The war in Vietnam is a case in point. During the war we were told on every side that the war was about democracy, Communism and freedom. We were lied to by intellectuals. I suspect some of those intellectuals lied to themselves.

Today we’re once again in the same position. Do we never learn? We may eventually stop the daily killing in Iraq and Afghanistan, but we will be left with the continuing problem of preemptive war, with 823 overseas military bases guaranteeing U.S. corporations the freedom to engage in international trade that too often is to the detriment of local economies. It isn’t just fixing the brakes and changing the oil that’s needed but rather a total overhaul of government. Or maybe a new car altogether?
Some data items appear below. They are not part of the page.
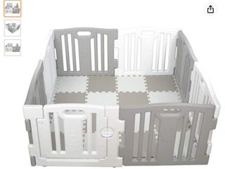 Parque infantil de plástico en dos tonos, blanco y gris. Ideal para crear un espacio seguro para los más pequeños. - Paneles de plástico resistentes. - Suelo con baldosas de espuma - Puerta de acceso con cierre de seguridad. Incluye alfombra puzzle de 16 piezas. Apto para usar en interiores o al aire libre. Medidas: Pieza (c/u): 57 x 67cm Montado (cuadrado, como en las fotos): 134 x 134cm Se entrega desmontado (ver última foto).
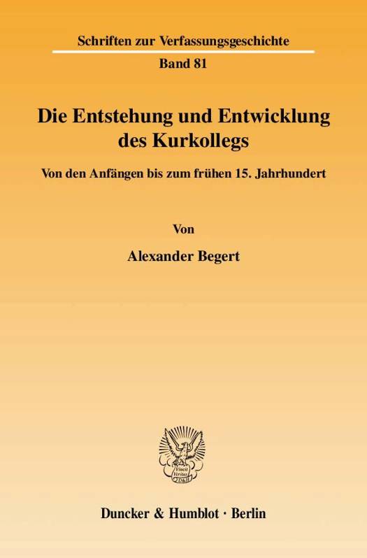 Das Buch behandelt das "Fundamentalrätsel der deutschen Verfassungsgeschichte", die Frage, wie sich im 13. Jhd. das Recht zur Wahl des römisch-deutschen Königs von allen Reichsfürsten auf die sieben so genannten Kurfürsten reduzieren konnte. Aufgrund der Prüfung sämtlicher Quellen und unter Berücksichtigung der rechtshistorischen Gegebenheiten sowie der politischen Verhältnisse des 13. Jhd.s gelangt Alexander Begert zu einem ebenso eindeutigen wie überzeugenden Ergebnis: Zunächst wurde in Analogie zu Schiedsgerichten ein Gremium von zeremoniell hervorgehobenen Hauptwählern geschaffen. Die Wahlrechtsreduktion erfolgte dann durch einen Rechtsakt im Jahre 1252. Grund hierfür war nicht zuletzt das Bemühen um eine Vereinfachung der Wahl und eine Gewährleistung ihrer Eindeutigkeit in unruhigen Zeiten. Darüber hinaus untersucht der Autor noch die weitere Ausformung des Kurkollegs, das Erbrecht bzgl. der Kur und das Majoritätsprinzip als solches.
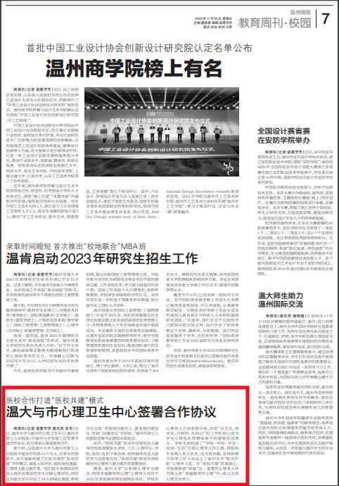 据介绍,这是日本a片 与温州市第七人 民医院共建合作的第13个年头,在多年的探 索中,双方逐渐构建了比较完善的“医校共 建”合作模式,涵盖入校评估、就医绿色通道、 心理育人能力提升等。“我们医生每周固定时 间入校对有需求的学生开展心理评估,同时 还为温大学子开设了24小时绿色通道,帮助 学生实现‘常规预约能约上、紧急预约能加 号、专家门诊能优先’的目标。”温州市第七人 民医院党委书记黄国永如是说。

I think not only I but all WAMM members would agree with the following paragraph of Chomsky: “If we had the honesty and the moral courage, we would not let a day pass without hearing the cries of the victims. We would turn on the radio in the morning and listen to the voices of the people who escaped the massacres in El Quiche province, and the Guazapa Mountains, and the daily press would carry front-page pictures of children dying of malnutrition and disease in the countries where order reigns and crops and beef are exported to the American market, with an explanation of why this is so. We would listen to the extensive and detailed record of terror and torture in our dependencies, compiled by Amnesty International, Americas Watch . . .”

Isn’t that what WAMM is all about? Encouraging people to look at what is being done in their name all over the world as other people’s resources are exploited and stolen and the people, themselves, massacred and killed?